Given material:
- - -
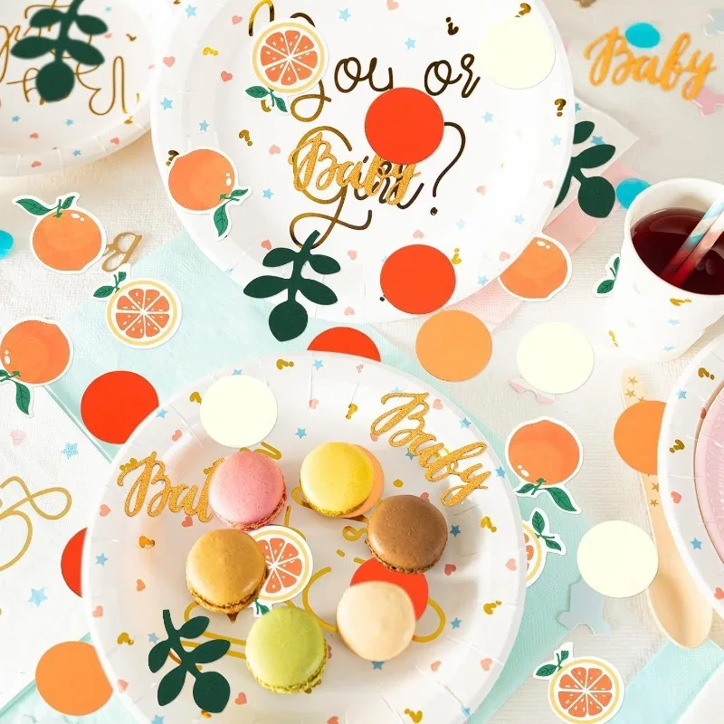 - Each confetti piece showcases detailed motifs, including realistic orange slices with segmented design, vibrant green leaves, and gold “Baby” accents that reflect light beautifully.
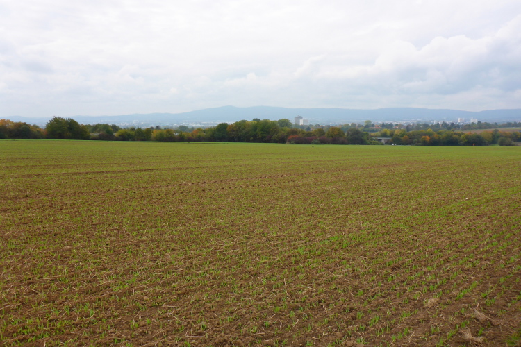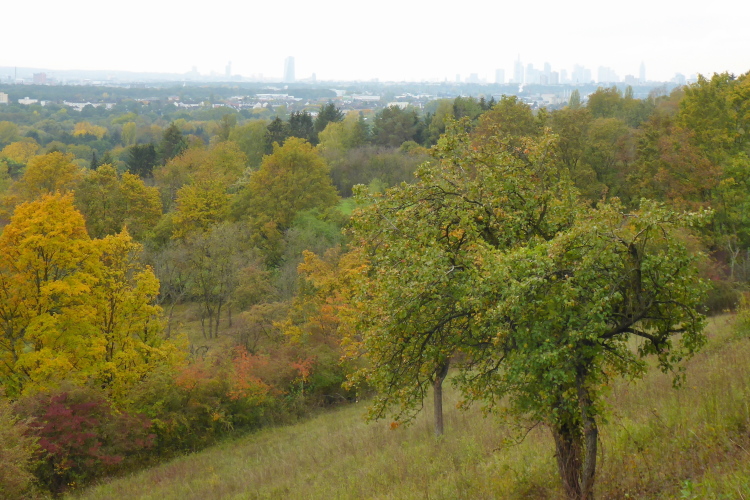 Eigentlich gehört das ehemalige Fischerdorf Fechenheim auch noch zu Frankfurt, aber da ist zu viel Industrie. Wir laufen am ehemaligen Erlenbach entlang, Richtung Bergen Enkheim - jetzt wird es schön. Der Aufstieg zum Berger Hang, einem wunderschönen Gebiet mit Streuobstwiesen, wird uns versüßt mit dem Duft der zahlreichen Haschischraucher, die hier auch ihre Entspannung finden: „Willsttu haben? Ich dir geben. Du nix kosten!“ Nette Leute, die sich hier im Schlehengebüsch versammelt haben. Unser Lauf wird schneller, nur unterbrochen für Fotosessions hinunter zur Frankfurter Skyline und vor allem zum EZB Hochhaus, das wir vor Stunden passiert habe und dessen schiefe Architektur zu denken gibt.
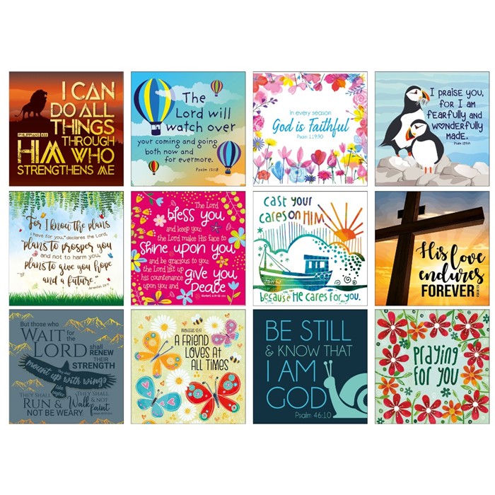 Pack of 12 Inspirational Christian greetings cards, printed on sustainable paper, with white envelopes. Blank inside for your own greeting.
- - -
Directions for this task: Word for word, retype the material above without its pictures.

Answer box:
 - Each confetti piece showcases detailed motifs, including realistic orange slices with segmented design, vibrant green leaves, and gold “Baby” accents that reflect light beautifully.
 Eigentlich gehört das ehemalige Fischerdorf Fechenheim auch noch zu Frankfurt, aber da ist zu viel Industrie. Wir laufen am ehemaligen Erlenbach entlang, Richtung Bergen Enkheim - jetzt wird es schön. Der Aufstieg zum Berger Hang, einem wunderschönen Gebiet mit Streuobstwiesen, wird uns versüßt mit dem Duft der zahlreichen Haschischraucher, die hier auch ihre Entspannung finden: „Willsttu haben? Ich dir geben. Du nix kosten!“ Nette Leute, die sich hier im Schlehengebüsch versammelt haben. Unser Lauf wird schneller, nur unterbrochen für Fotosessions hinunter zur Frankfurter Skyline und vor allem zum EZB Hochhaus, das wir vor Stunden passiert habe und dessen schiefe Architektur zu denken gibt.
 Pack of 12 Inspirational Christian greetings cards, printed on sustainable paper, with white envelopes. Blank inside for your own greeting.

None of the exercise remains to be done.